Intervention de Marie-Agnès Poussier-Winsback

Séance en hémicycle du jeudi 1er décembre 2022 à 9h00
Expulsion des étrangers en cas de menace grave pour l'ordre public — Discussion générale

Photo issue du site de l'Assemblée nationale ou de WikipediaMarie-Agnès Poussier-Winsback :

La proposition de loi qui nous est soumise aujourd'hui vise à supprimer la quasi-totalité des protections dont bénéficient les étrangers contre l'expulsion.

Or notre droit constitutionnel et nos engagements européens recherchent un équilibre subtil mais fondamental : préserver le droit originel des États à contrôler leurs frontières et à maintenir l'ordre public sur leur territoire, tout en assurant à chacune et chacun le droit au respect de sa vie privée et familiale.

Ainsi, un étranger qui résiderait régulièrement en France depuis plus de dix ans, et qui serait parent d'un enfant français mineur résidant sur le territoire, ne pourrait faire l'objet d'une décision d'expulsion. Mais, fort heureusement, ce ne sera pas le cas si cet individu contrevient aux valeurs essentielles de notre République ou aux intérêts fondamentaux de l'État. Notre arsenal juridique est perfectible certes, mais pas hors-sol.

Ces protections ne s'appliquent pas, en effet, si l'expulsion constitue une nécessité impérieuse pour la sûreté de l'État ou la sécurité publique. Rappelons que ce dispositif cohabite avec celui applicable en cas de condamnation pénale d'un étranger. Les juges peuvent prononcer des peines complémentaires d'expulsion, lesquelles doivent être spécialement motivées au regard de la gravité de l'infraction et de la situation personnelle et familiale de l'étranger.

Nous retrouvons ici le principe de proportionnalité qui caractérise l'équilibre de notre droit.
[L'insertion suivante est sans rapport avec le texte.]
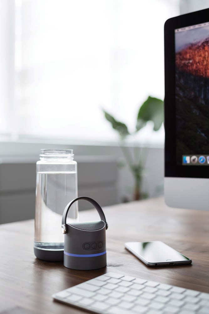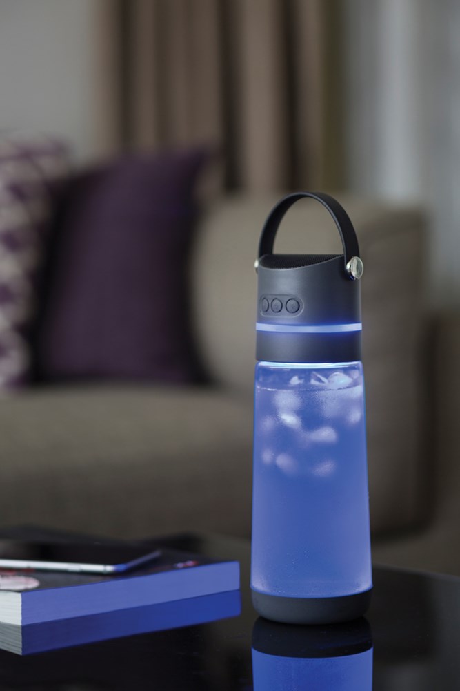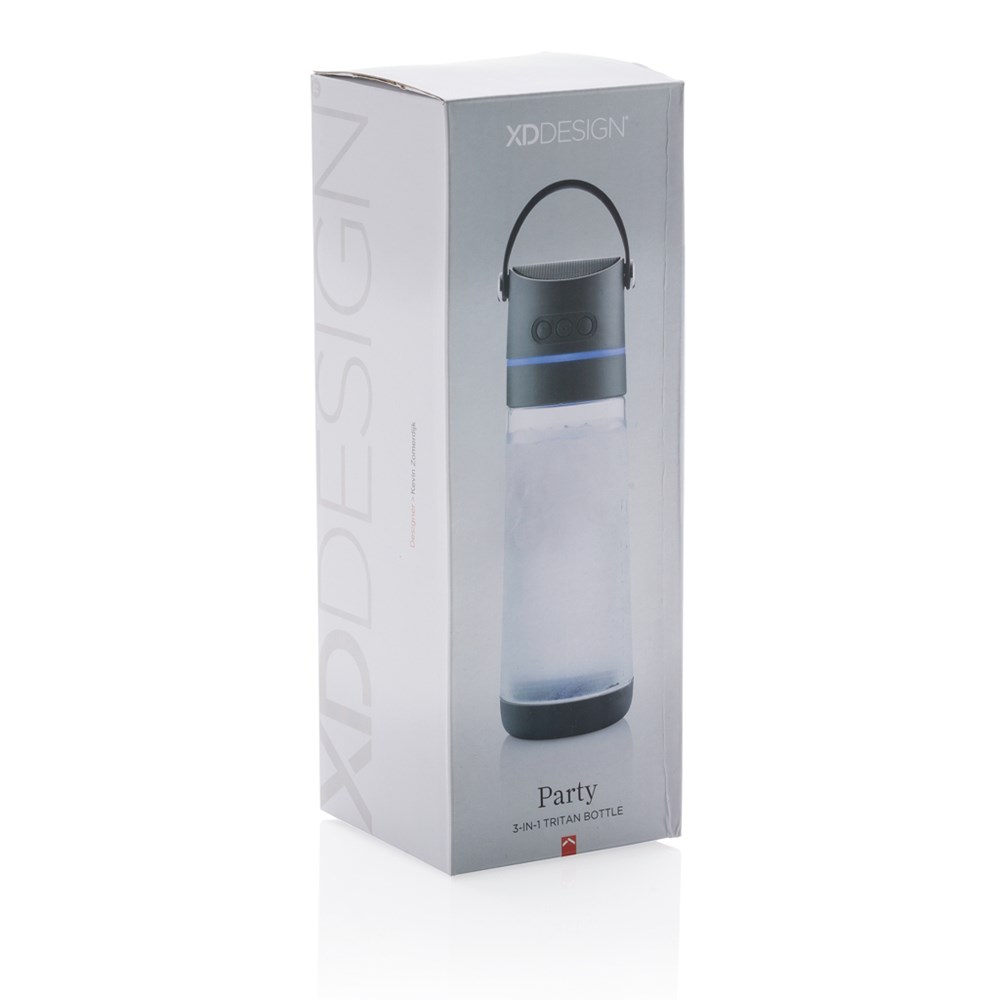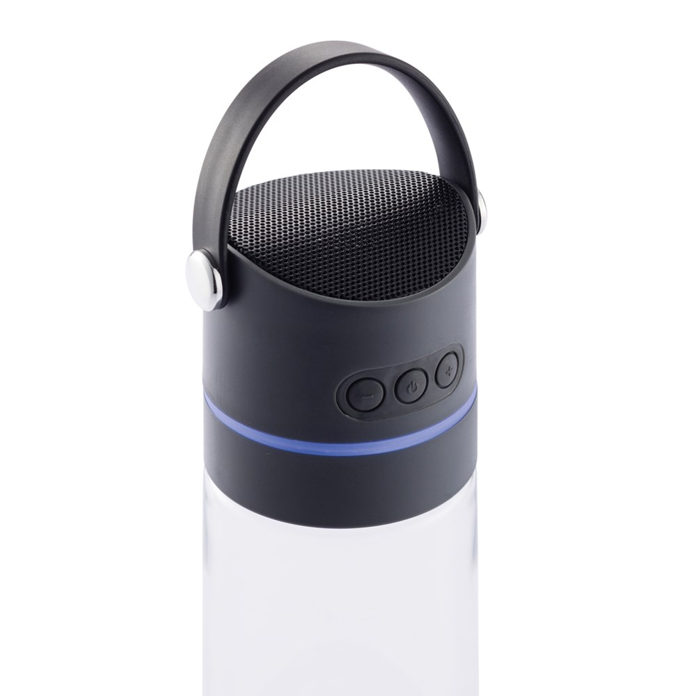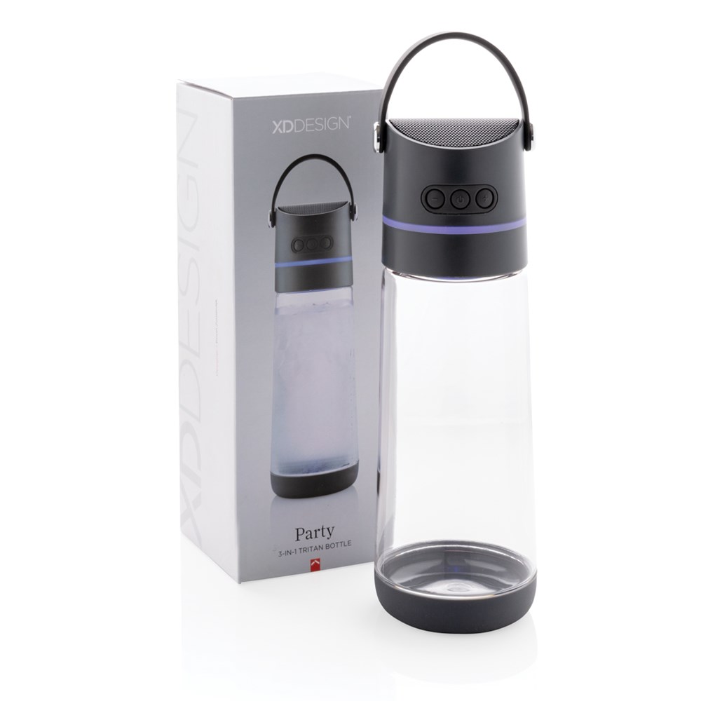 Langlebige Tritan Flasche mit kabellosem 3W Lautsprecher und Moodlight Die Batterie hat 450 mAh. Perfekt für draußen, unterwegs und zum Sport. Auslaufsicher und mit Trageriemen. 700ml Inhalt. Nur Handwäsche. Geschütztes Design®

La question de l'expulsion est donc cruciale pour aujourd'hui et pour demain, pour la perception de notre État de droit dans l'opinion publique.

Le groupe Horizons et apparentés défendra toujours la fermeté. La France ne doit pas protéger les étrangers qui contreviennent à nos valeurs, qui perturbent l'ordre public, qui menacent notre sécurité. En matière d'immigration, au vu des bouleversements géopolitiques, climatiques et sociaux, il faut se dire que de très grosses difficultés sont à venir. Nous serons donc au rendez-vous des travaux sur le projet de loi relatif à l'asile et l'immigration, préparé par le Gouvernement qui, nous n'en doutons pas, cherchera un point d'équilibre entre humanité et fermeté.

Cette fermeté ne tient pas seulement aux possibilités ou contraintes que contient notre droit. Elle tient aussi et surtout à l'exécution réelle des obligations de quitter le territoire qui sont délivrées. Monsieur le rapporteur, nous partageons deux de vos constats : notre droit est perfectible, et peut être amélioré pour s'assurer de l'effectivité et de la fermeté de notre politique d'expulsion ; la situation de Mayotte nécessite une attention et un traitement sur mesure parce qu'elle est particulière.

Cependant, la fermeté ne saurait être dissociée de la rigueur juridique et du respect de nos engagements constitutionnels et européens. Rappelons que la législation relative à l'expulsion des étrangers trouve son point d'équilibre entre l'absolue nécessité de maintenir l'ordre public sur le territoire et le droit à la vie privée et familiale de chacune et de chacun.

Ce que vous nous proposez aujourd'hui vise purement et simplement à supprimer l'application de toutes ces protections sur l'ensemble du territoire métropolitain et ultramarin. La protection ne s'appliquerait plus qu'à deux profils d'étranger : celui qui est père ou mère d'un enfant français mineur résidant en France, et qui contribue effectivement à l'entretien et à l'éducation de cet enfant ; celui qui justifie par tout moyen résider habituellement en France depuis qu'il a atteint au plus l'âge de 13 ans.

Oui, ces dispositions doivent être adaptées aux enjeux d'aujourd'hui et de demain, pour s'assurer que toute personne qui enfreint les règles élémentaires fondant notre contrat social puisse être facilement expulsée. Il est certes urgent d'agir – vous avez d'ailleurs rappelé les engagements pris dans ce domaine par le Président de la République. Mais il est aussi absolument nécessaire de construire un projet cohérent qui respecte nos valeurs et nos engagements.

Or, en l'état, votre proposition de loi nous semble malheureusement contraire à ces engagements qui, je le rappelle, découlent tant des traités européens que de notre Constitution. Pour l'ensemble de ces raisons, le groupe Horizons et apparentés votera contre cette proposition de loi.